**PROBLEM:** Reproduce the lines below exactly. Begin with the first, end with the line containing "- move on하게", and leave out the pictures.

(INPUT begins)

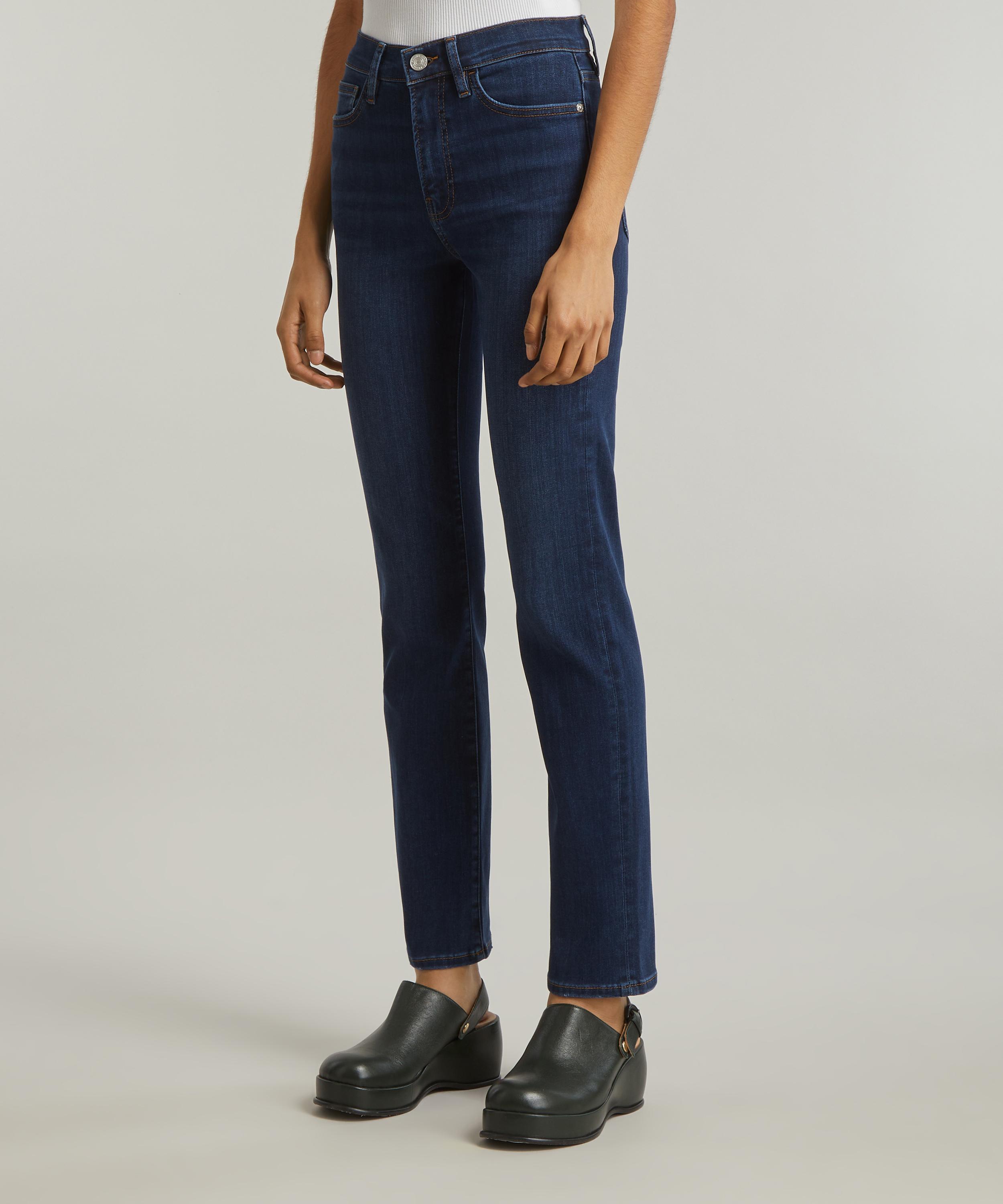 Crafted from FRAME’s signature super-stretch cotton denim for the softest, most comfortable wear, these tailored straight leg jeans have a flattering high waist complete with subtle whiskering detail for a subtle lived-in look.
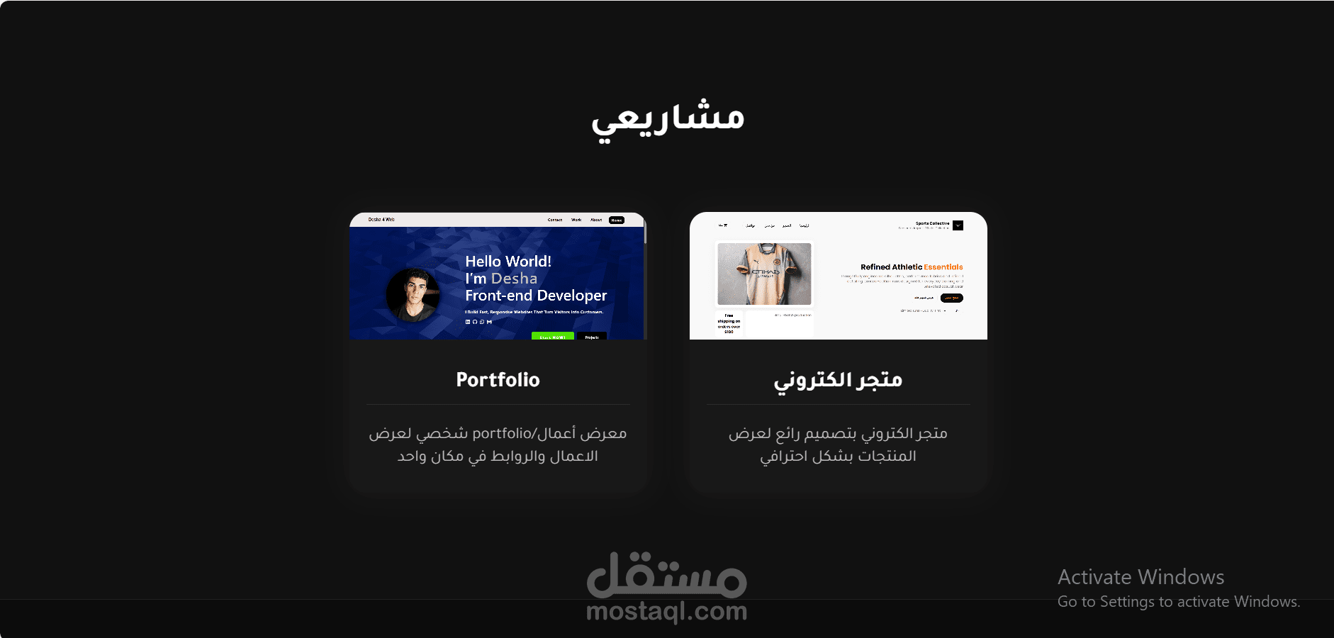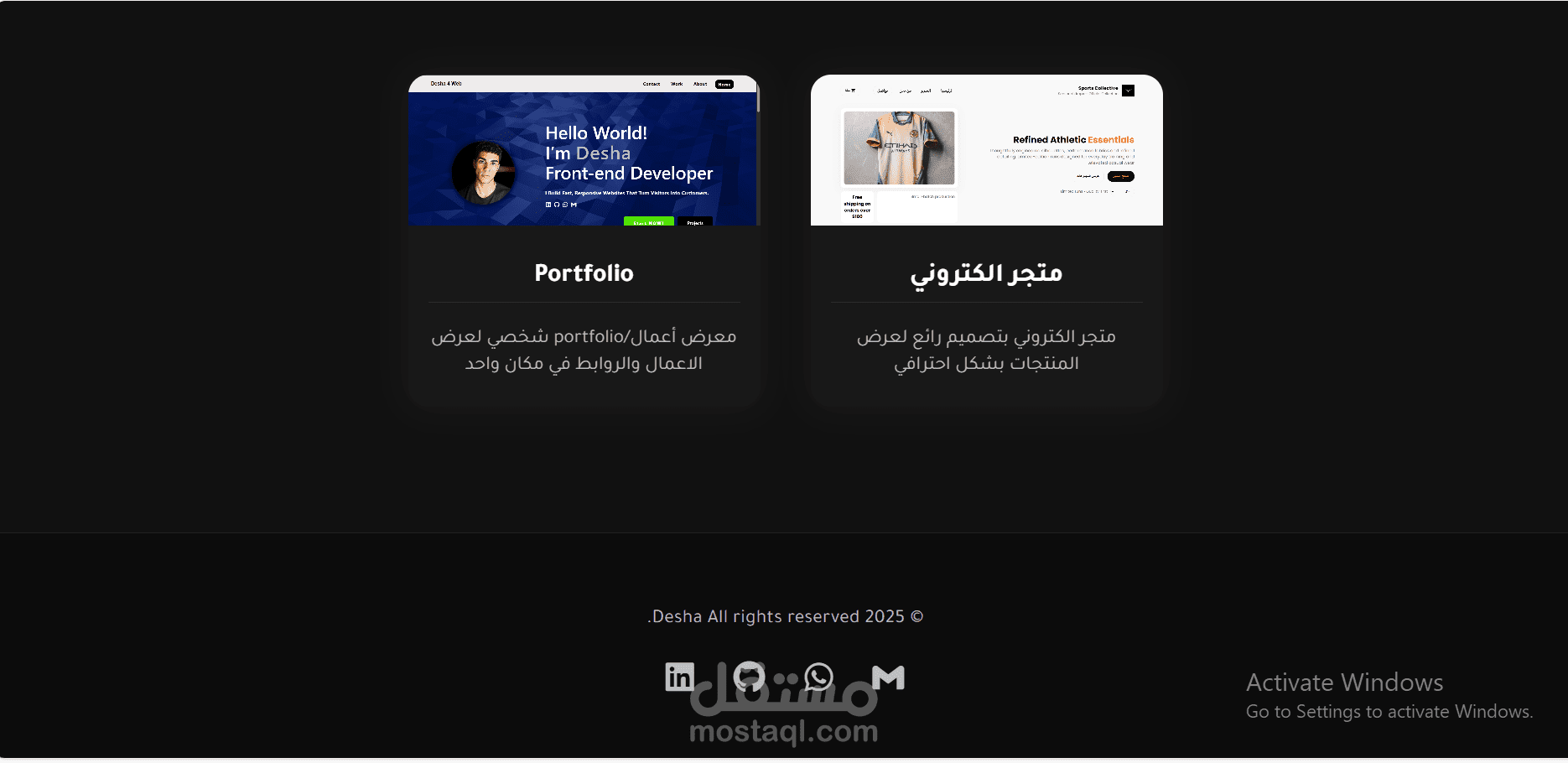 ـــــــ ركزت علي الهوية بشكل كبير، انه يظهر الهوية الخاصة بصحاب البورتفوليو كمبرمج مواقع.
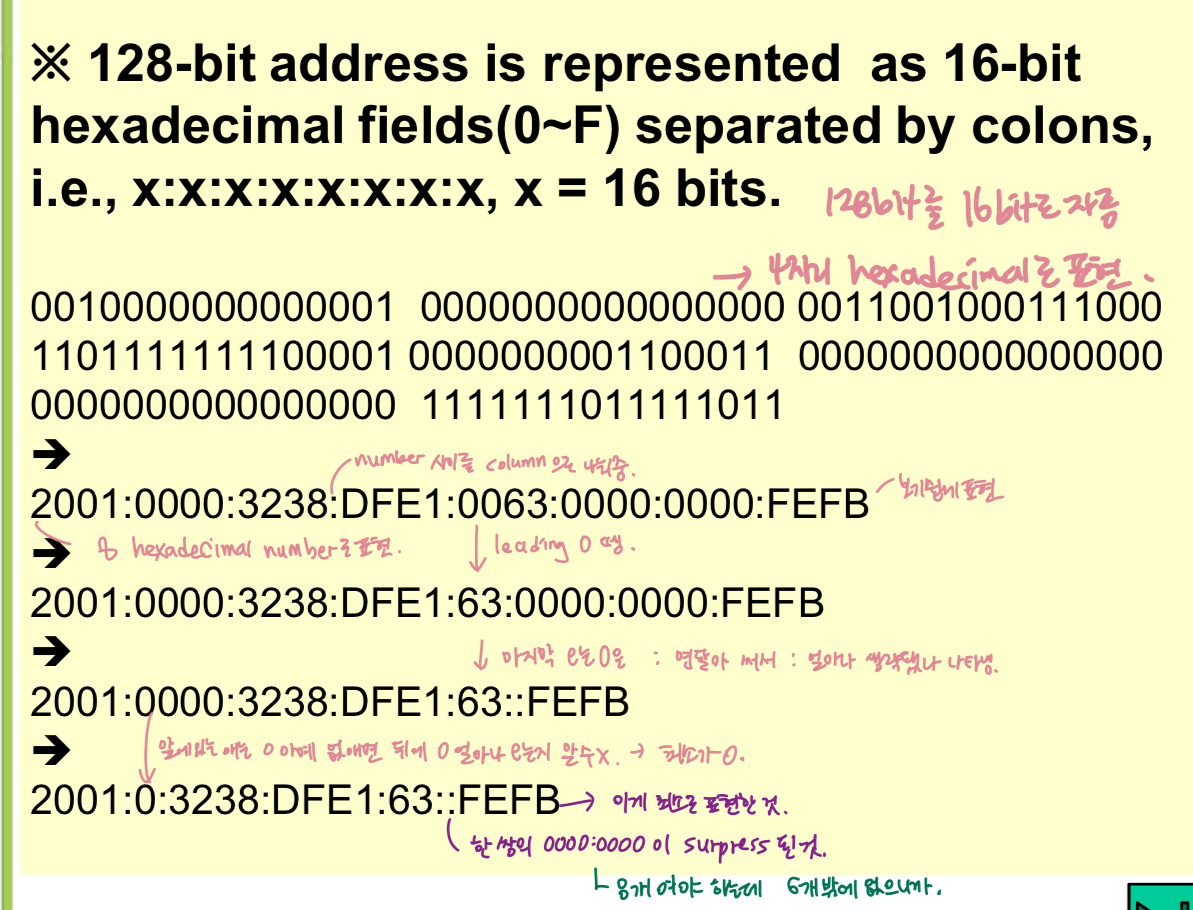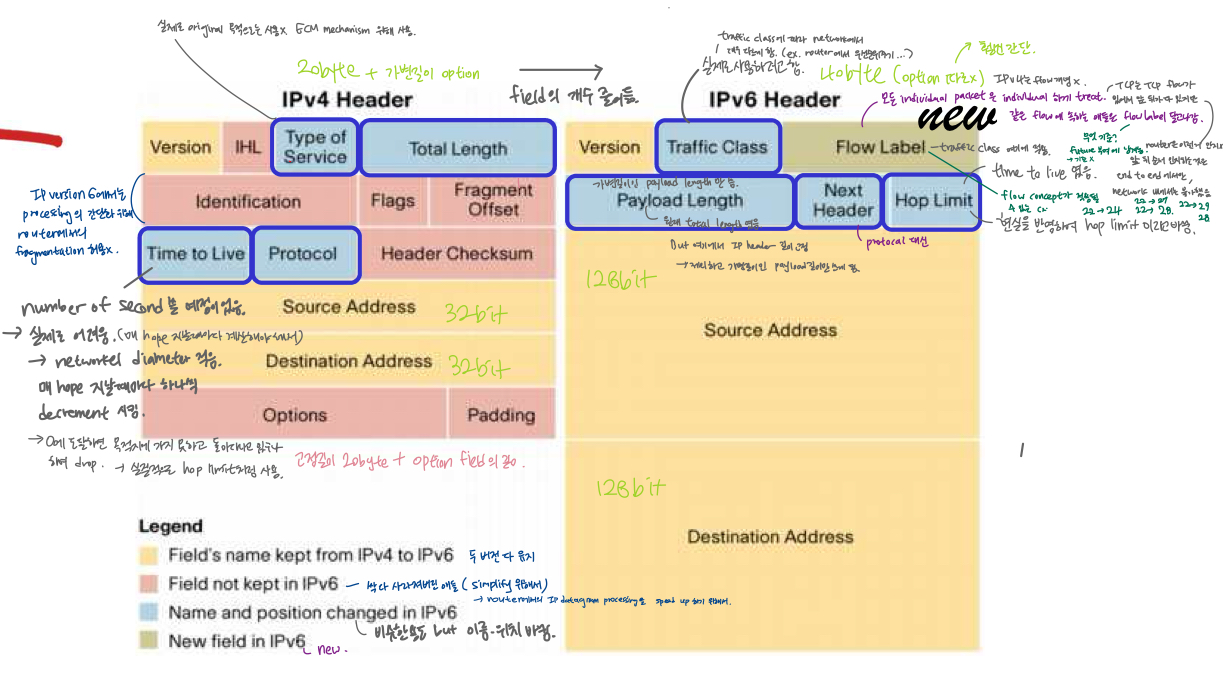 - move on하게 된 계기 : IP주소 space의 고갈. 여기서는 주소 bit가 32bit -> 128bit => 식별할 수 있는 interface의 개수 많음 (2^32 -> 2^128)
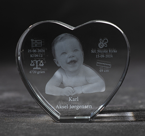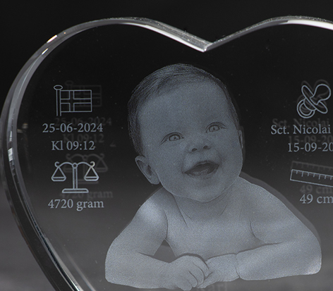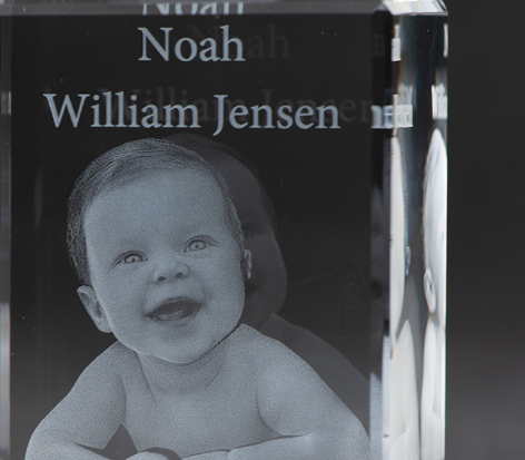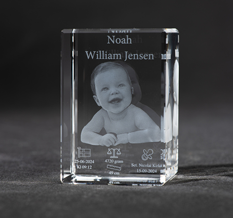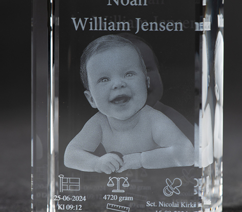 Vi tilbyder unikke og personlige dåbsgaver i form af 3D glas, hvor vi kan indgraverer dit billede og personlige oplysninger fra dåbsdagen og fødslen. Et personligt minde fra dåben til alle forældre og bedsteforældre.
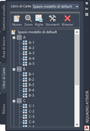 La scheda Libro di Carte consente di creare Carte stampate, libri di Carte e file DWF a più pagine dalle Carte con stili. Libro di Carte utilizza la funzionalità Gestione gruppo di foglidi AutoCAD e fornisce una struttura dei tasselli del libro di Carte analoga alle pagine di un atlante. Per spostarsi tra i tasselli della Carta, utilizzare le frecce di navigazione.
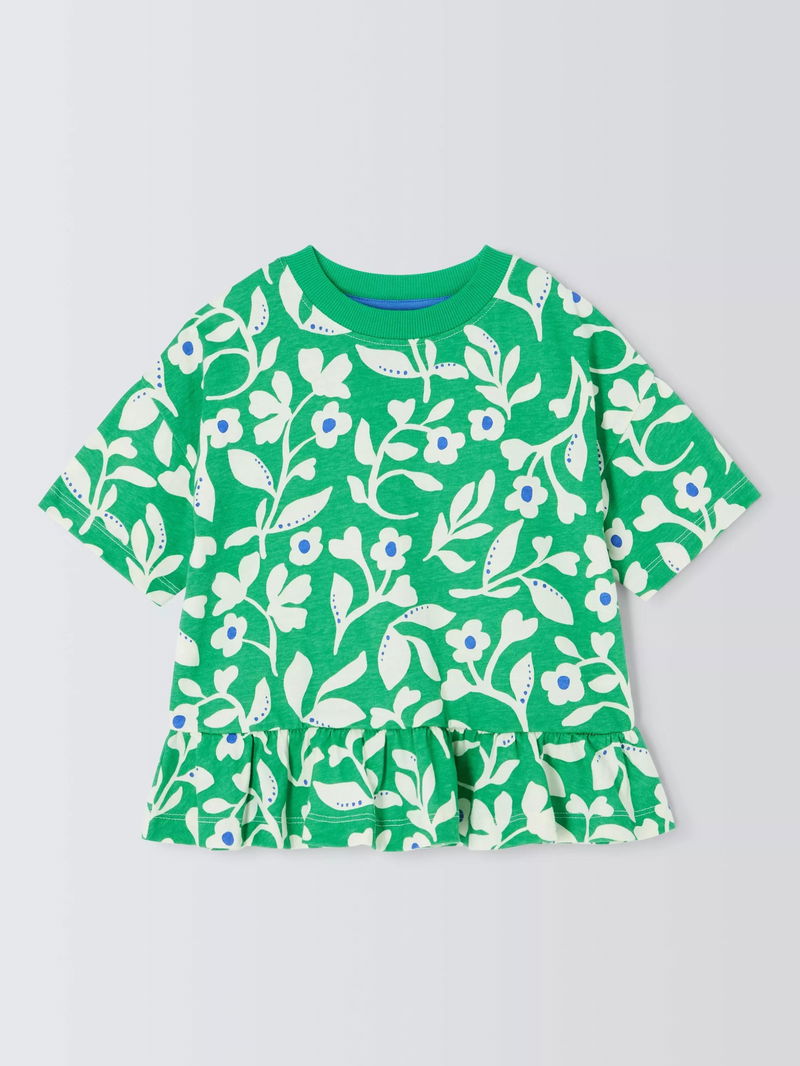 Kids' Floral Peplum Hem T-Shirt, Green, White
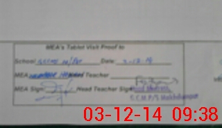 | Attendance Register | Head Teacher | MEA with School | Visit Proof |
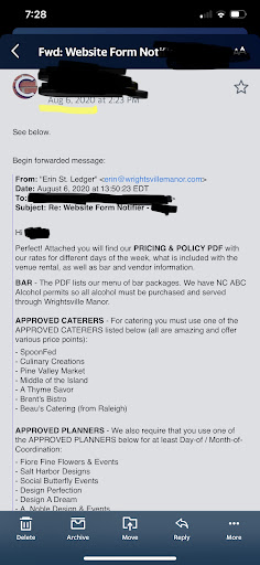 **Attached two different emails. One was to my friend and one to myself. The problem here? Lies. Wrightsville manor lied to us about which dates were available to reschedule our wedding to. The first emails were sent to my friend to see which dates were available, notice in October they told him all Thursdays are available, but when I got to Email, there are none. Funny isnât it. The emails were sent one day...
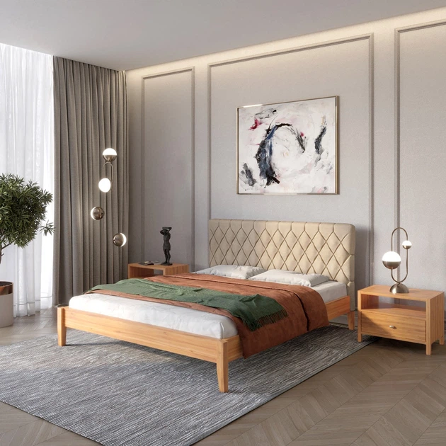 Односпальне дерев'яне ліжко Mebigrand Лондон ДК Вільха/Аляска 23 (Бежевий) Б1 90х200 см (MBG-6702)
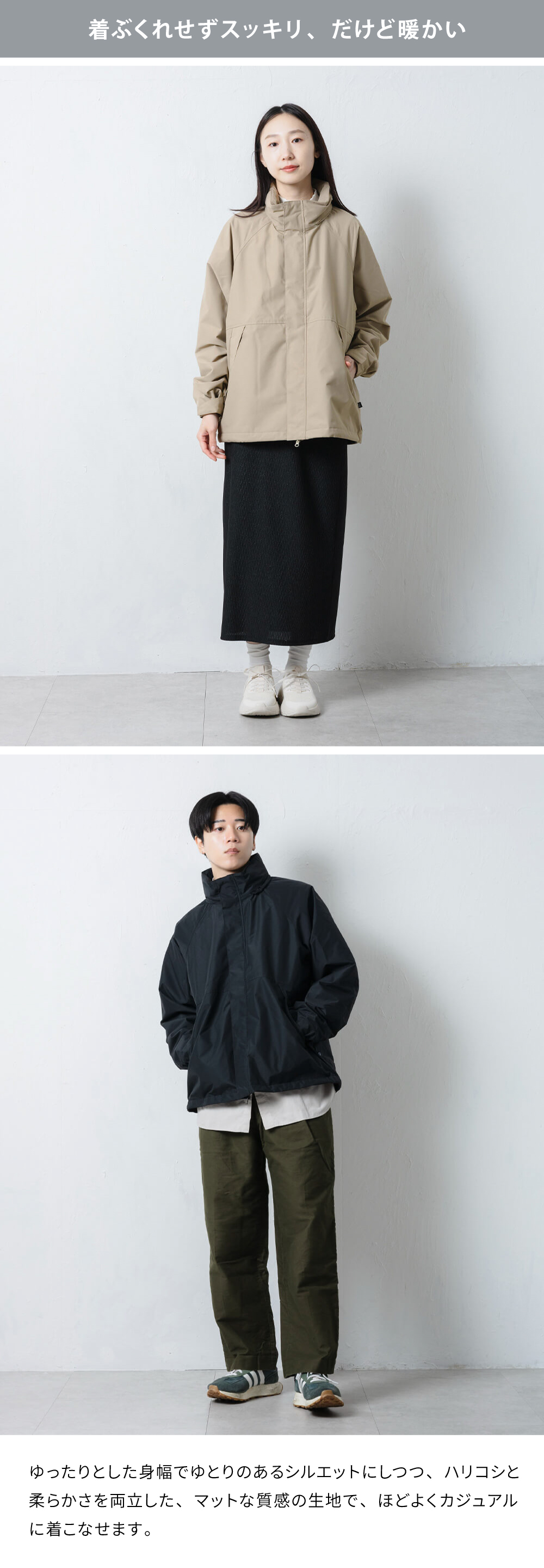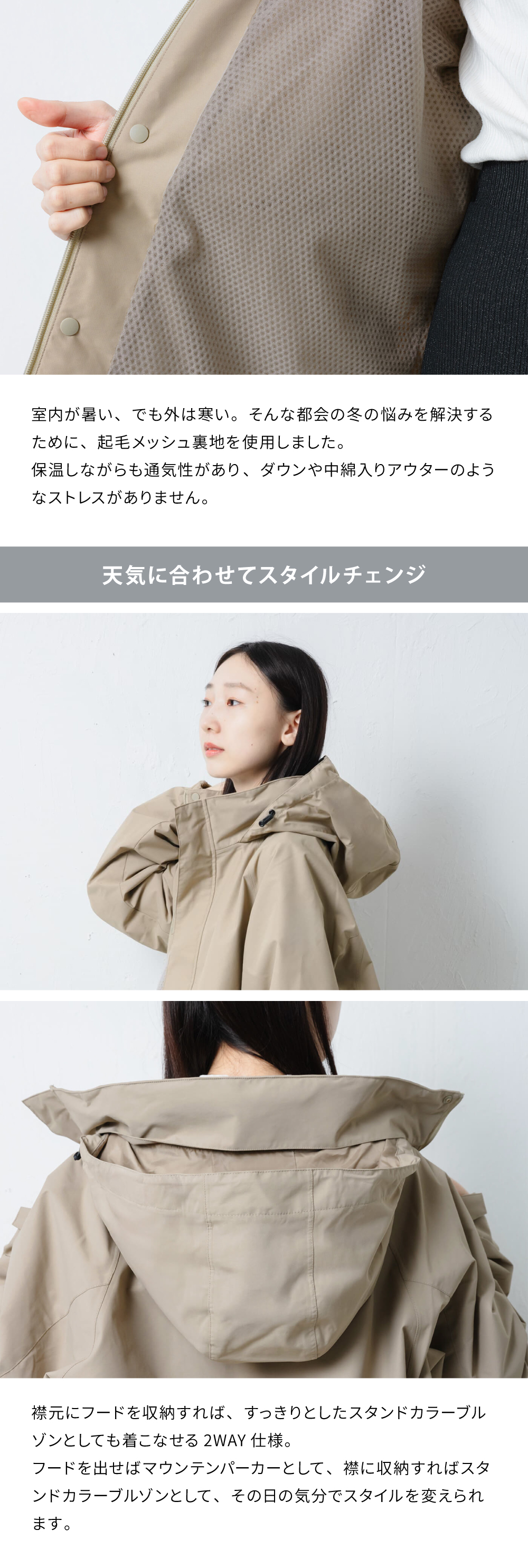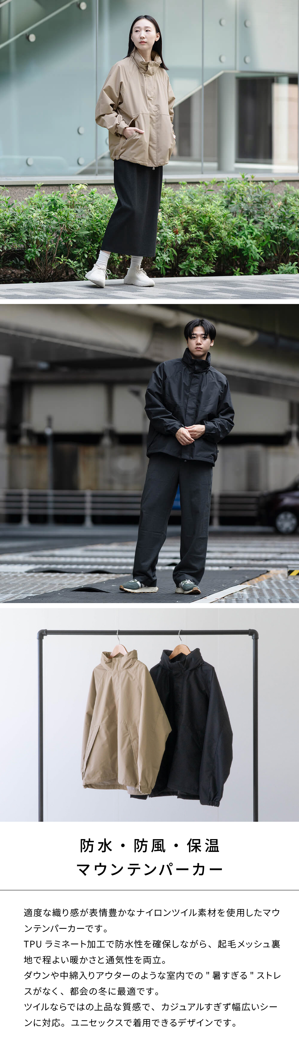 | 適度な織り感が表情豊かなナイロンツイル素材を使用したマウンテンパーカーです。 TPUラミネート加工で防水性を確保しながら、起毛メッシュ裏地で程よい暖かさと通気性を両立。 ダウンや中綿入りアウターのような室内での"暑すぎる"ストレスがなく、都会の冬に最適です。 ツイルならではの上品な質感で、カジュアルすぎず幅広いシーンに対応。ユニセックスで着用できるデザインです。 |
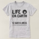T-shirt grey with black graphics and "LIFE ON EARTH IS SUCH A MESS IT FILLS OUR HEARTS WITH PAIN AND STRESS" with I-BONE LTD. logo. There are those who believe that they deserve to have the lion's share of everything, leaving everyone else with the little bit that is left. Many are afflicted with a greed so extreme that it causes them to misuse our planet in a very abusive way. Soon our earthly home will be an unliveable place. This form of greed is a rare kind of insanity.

(INPUT ends)

**ANSWER:**
 Crafted from FRAME’s signature super-stretch cotton denim for the softest, most comfortable wear, these tailored straight leg jeans have a flattering high waist complete with subtle whiskering detail for a subtle lived-in look.
 ـــــــ ركزت علي الهوية بشكل كبير، انه يظهر الهوية الخاصة بصحاب البورتفوليو كمبرمج مواقع.
 - move on하게 된 계기 : IP주소 space의 고갈. 여기서는 주소 bit가 32bit -> 128bit => 식별할 수 있는 interface의 개수 많음 (2^32 -> 2^128)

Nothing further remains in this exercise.